While the machine-readable medium 522 is shown in an example embodiment to be a single medium, the term “machine-readable medium” should be taken to include a single medium or multiple media (e.g., a centralized or distributed database, and/or associated caches and servers) that store the one or more sets of instructions. The term “machine-readable medium” shall also be taken to include any medium that is capable of storing, encoding or carrying a set of instructions for execution by the machine and that cause the machine to perform any one or more of the methodologies of the present disclosure.

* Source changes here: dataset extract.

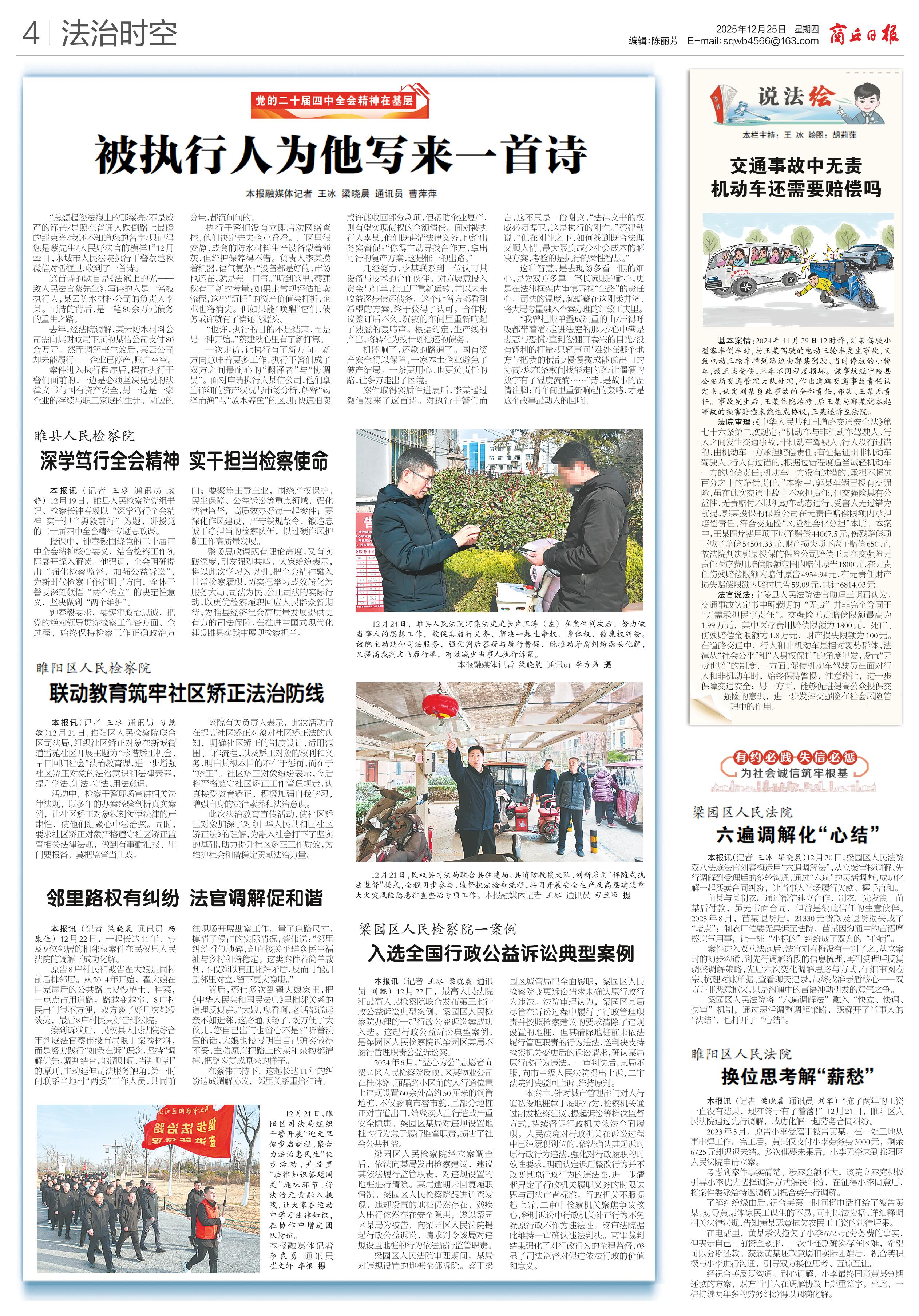 <div style='font-size: 22px!important;line-height: 34px!important;text-align: justify!important;color: #000!important'>图片新闻</div><div style='font-size: 14px!important;line-height: 22px!important;text-align: left!important;color: #777!important;margin-top: 20px;'>商丘日报云阅读  2025-12-25</div><div><img id='paperImg' style='max-width: 100%;height: auto' src='//img.founderfx.cn/epaper/202512/25/f1a0248560b04c9789458d5165da8abb/4.jpg' alt='' class='page-img'/></div><div style='font-size: 14px!important;line-height: 22px!important;text-align: center!important;color: #777!important;'><img src='//img.founderfx.cn/epaper/202512/25/f1a0248560b04c9789458d5165da8abb/04/1225_4g_s.jpg'style='display: block!important;margin: auto!important;max-width: 100%!important;'/> 12月24日,睢县人民法院河集法庭庭长卢卫涛(左)在案件判决后,努力做当事人的思想工作,敦促其履行义务,解决一起生命权、身体权、健康权纠纷。该院主动延伸司法服务,强化判后答疑与履行督促,既推动矛盾纠纷源头化解,又提高裁判文书履行率,有效减少当事人执行诉累。本报融媒体记者 梁晓晨 通讯员 李方弟 摄<img src='//img.founderfx.cn/epaper/202512/25/f1a0248560b04c9789458d5165da8abb/04/1225_4f_s.jpg'style='display: block!important;margin: auto!important;max-width: 100%!important;'/> 12月21日,民权县司法局联合县住建局、县消防救援大队,创新采用“伴随式执法监督”模式,全程同步参与、监督执法检查流程,共同开展安全生产及高层建筑重大火灾风险隐患排查整治专项工作。本报融媒体记者 王冰 通讯员 程兰峰 摄</div><p></p>

In light of the foregoing description, it should be recognized that embodiments in accordance with the present invention can be realized in hardware, software, or a combination of hardware and software. A network or system according to the present invention can be realized in a centralized fashion in one computer system or processor, or in a distributed fashion where different elements are spread across several interconnected computer systems or processors (such as a microprocessor and a DSP). Any kind of computer system, or other apparatus adapted for carrying out the functions described herein, is suited. A typical combination of hardware and software could be a general purpose computer system with a computer program that, when being loaded and executed, controls the computer system such that it carries out the functions described herein.
In light of the foregoing description, it should also be recognized that embodiments in accordance with the present invention can be realized in numerous configurations contemplated to be within the scope and spirit of the claims. Additionally, the description above is intended by way of example only and is not intended to limit the present invention in any way, except as set forth in the following claims.